ちなみに、ハングアップの再現性が高い事を確認出来た環境は、
"openSUSE Leap 42.1/iptables v1.4.21"の組み合わせで、CentOS7・Debian8とかでも稀に発生した。
この辺りは100%の再現性が確認出来なかった事もあり、
一概に『openSUSEが悪い!!』という事では無さそうという事までしか判らなかった。

………

今回の問題は完全な再現性が無いので、netfilterにbugzilla報告出来ないし、
そもそも自作スクリプトも微妙な設計であった結果のハングアップなので、
スクリプトを改修する方針でお茶を濁し
大幅なポリシー変更が発生したらプロセス再起動によるポリシーファイル再読込で対処する事にした。

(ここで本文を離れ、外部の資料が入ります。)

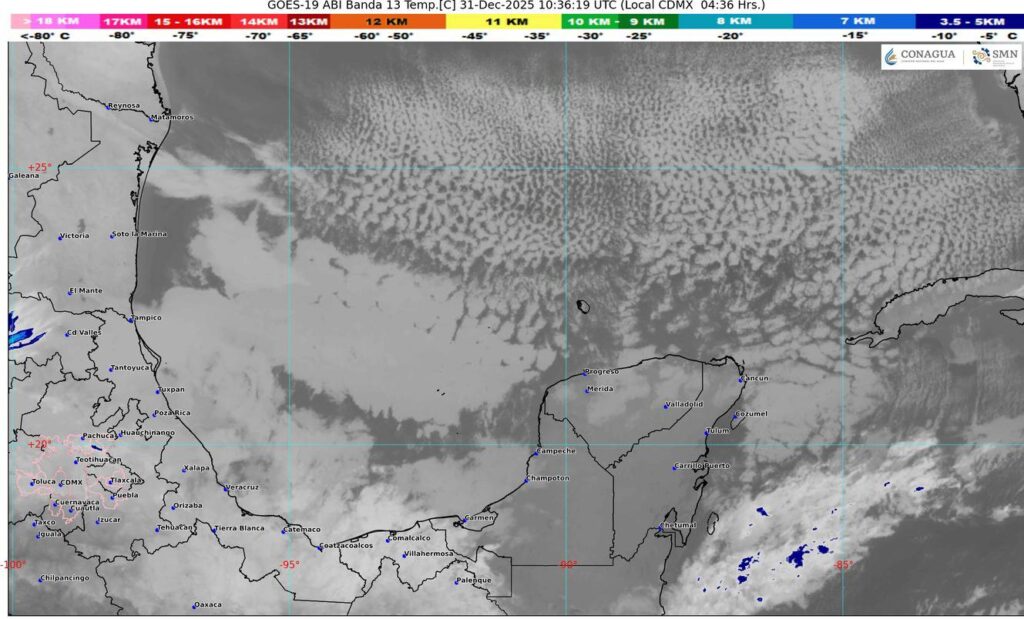 Cancún (Marcrix Noticias).– El último día de 2025 se despedirá con ambiente templado a fresco en Quintana Roo, debido a la influencia de la masa de aire ártico que impulsa al frente frío número 25, la cual provocará cielo medio nublado, lluvias con intervalos de chubascos, vientos del norte y noreste con rachas fuertes, así como oleaje elevado en zonas costeras, principalmente en el norte del estado.
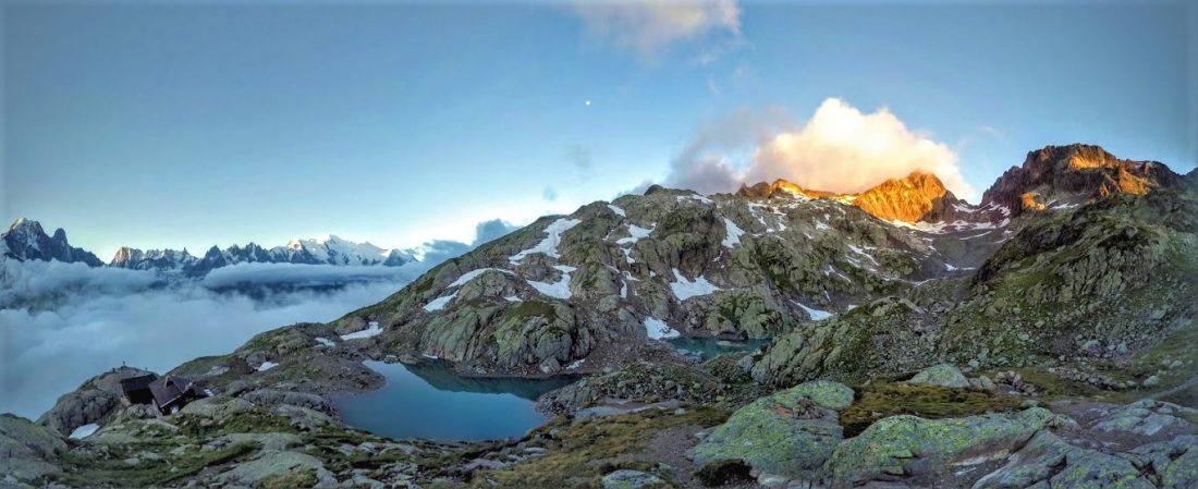 Description: Nous sommes monté un soir d'août pour bivouaquer entre amis au bord du lac Blanc. Nous avons pris une forte pluie sur la fin de la randonnée et lors du montage de la tente, notre effort fût récompensé par le spectacle matinal de la mer de nuage avec le levé du soleil.

外部ポリシーファイルはディストリ毎に微妙に違っており、

  • CentOSは、"/etc/sysconfig/iptables"
  • openSUSEは、"/etc/sysconfig/SuSEfirewall2"

の様になっている。
openSUSE版の変更内容は、技術wikiにメモしたのでそちらをご確認くださいな。

そもそも、iptablesに数万ポリシーも突っ込むのが色々とマズイ気がするが、
今回の問題以外は特に大きな事が起きていないので経過観察を継続しようと思う。